I have followed this thread for awhile. Too me, it is something Dodge needs to get their hands around. I have talked to a couple local dealers, one was voiding warranties for contaminants, as well as water. The other was more concerned with water. The dealer concerned with water specifically mentioned a truck that had been started 212 times with the water in fuel light and/or the check engine light illuminated.
In my opinion, the filter should "catch" the contaminants. If it loads up, the truck should shut down, or go into a "limp" mode. (Assuming we need to lube the new pump) Everyone who drives a diesel gets bad fuel, period. It is just a matter of when. If DC voids warranties for contaminants in fuel, they have voided warranties on all our trucks, and are just waiting to tell us.
Water would be a different story, a better filter will just give us cleaner water. If a light comes on the dash, than shut your truck down. If you don't, and the dealer can tell with a scan tool, it is reasonable for there to be some non-warranty discussion.
The fact that some of the contaminant is coming from their defective tank, and that the quality of factory filtering is possibly no good just compounds the horrible PR position they are putting themselves into.
I switched from Chevy to Dodge in 1995 because I thought their truck was better than what we had in the Chev. It cost me $5000 more to buy the Dodge, but it did the job, and spent much less time in the shop. (Really, very, very little time. ) The cheapest tool usually isn't the best VALUE and I learned that lesson the hard way with a 1995 Chevy diesel.

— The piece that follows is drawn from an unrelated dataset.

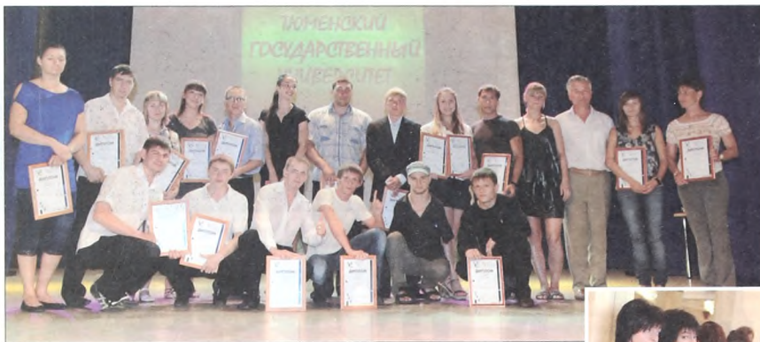
Лучшие спортсмены ТюмГУ

But that was then. Now, Dodge REQUIRES a dealer visit if one of the hundreds of trailers we handle has a bad turn signal, and trips an "internal" breaker? They have gone to a cheaper 6 speed transmission. The axles, to me, are an unknown quality. Even the formerly best in class engine is maybe not? Or maybe the advantage is much less.

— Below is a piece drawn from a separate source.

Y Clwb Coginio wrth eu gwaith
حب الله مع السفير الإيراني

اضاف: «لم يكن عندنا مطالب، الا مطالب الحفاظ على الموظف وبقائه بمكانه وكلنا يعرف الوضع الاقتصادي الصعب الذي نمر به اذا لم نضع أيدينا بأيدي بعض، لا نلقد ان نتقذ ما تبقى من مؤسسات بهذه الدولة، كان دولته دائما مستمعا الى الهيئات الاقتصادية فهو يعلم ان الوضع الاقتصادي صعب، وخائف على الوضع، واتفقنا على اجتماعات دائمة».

Another drawback to Dodge has always been dealer service. Not the quality, but the typically unavailable parts, and ensuing repair delay. (If a dealer has a 5 million dollar inventory in trucks, but not the $100,000 in repair parts for that truck, what is that?) Admittedly, they may be comparable to Ford/Chev. But before, they would repair the vehicle, it just took a long time. Now they seem aggressive on whether it is even a covered failure?
I wonder if the fuel deal is the last straw for some customers? Or maybe something else?
I expect we have more bad news coming though. Transmission choice, for the OEM, is probably a difficult question of cost and benefit. BUT, if DC isn't smart enough to give us fuses for trailer lights, they are probably so out of touch IN GENERAL that we have absolutely no hope.